The Snowden revelations have sent a chill through those reporters covering national security issues. If the NSA can easily gather details about who a reporter phoned or emailed, that sends a signal to whistleblowers that their anonymity can no longer be protected. David Sirota, columnist, journalist and author, shows in his article Obama’s war on journalism how the U.S. President prevented a Yemeni journalist from being pardoned by calling Yemen’s leader. After Abdulelah Haider Shaye exposed his government’s coverup of a US missile strike that reportedly killed “dozens”, he was sentenced to five year in prison. In Sirota’s article, New York Times media correspondent David Carr says that “suggesting that there is a war on the press is less a hyperbole than simple math.”
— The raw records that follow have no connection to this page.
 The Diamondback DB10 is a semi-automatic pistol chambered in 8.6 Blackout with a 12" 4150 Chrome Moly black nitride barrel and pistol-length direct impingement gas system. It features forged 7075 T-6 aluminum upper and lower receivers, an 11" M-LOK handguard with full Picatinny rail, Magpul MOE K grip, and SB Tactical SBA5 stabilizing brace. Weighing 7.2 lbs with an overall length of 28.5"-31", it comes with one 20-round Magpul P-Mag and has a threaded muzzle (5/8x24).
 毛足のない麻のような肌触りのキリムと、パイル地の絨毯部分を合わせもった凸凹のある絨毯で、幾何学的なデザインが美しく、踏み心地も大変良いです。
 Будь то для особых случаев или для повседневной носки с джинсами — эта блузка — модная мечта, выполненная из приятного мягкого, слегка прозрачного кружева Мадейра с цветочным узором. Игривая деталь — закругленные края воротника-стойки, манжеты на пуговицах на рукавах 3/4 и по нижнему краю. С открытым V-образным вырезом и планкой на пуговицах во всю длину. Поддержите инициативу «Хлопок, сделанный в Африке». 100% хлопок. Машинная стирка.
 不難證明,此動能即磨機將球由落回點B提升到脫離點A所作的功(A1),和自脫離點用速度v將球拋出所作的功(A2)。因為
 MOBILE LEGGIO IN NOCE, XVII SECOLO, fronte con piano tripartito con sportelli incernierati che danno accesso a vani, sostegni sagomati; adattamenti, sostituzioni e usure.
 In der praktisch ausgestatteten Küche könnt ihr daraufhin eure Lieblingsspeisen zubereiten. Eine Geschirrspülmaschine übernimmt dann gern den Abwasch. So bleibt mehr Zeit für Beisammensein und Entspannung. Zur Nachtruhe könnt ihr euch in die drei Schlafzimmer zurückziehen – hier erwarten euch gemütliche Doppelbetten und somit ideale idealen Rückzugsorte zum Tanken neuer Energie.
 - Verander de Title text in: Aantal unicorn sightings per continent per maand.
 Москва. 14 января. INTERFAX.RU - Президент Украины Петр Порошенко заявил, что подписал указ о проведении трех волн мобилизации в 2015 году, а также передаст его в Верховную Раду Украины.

The CEO of the Associated Press Gary Pruitt recently said that there has been a “chilling effect on newsgathering“.

On the plus side, the disclosure seem to have animated a plethora of media outlets to do in-depth reports and dedicate many of their staff and resources to the effort to inform the public. To which extent they feel genuinely  convinced that this topic deserves all the attention or if they merely jumped on the bandwagon is, I believe, secondary, because all the reports enable readers and viewers to really educate themselves about the surveillance activities. Another positive development, which is in keeping with the extensive coverage, is the international debate Snowden’s leaks have sparked.

However, there seem to be grave detrimental effects on journalism as governments and agencies around the world fear that their inner-most secrets may be revealed. I believe we are at crossroads, both as a society and journalism. Will the vast majority of journalists, sources, and potential whistleblowers be too afraid to speak up? Or will courageous, idealistic men and women not allow governments and institutions to intimidate them and emulate people like Edward Snowden and Glenn Greenwald? It’s up to every single one of us.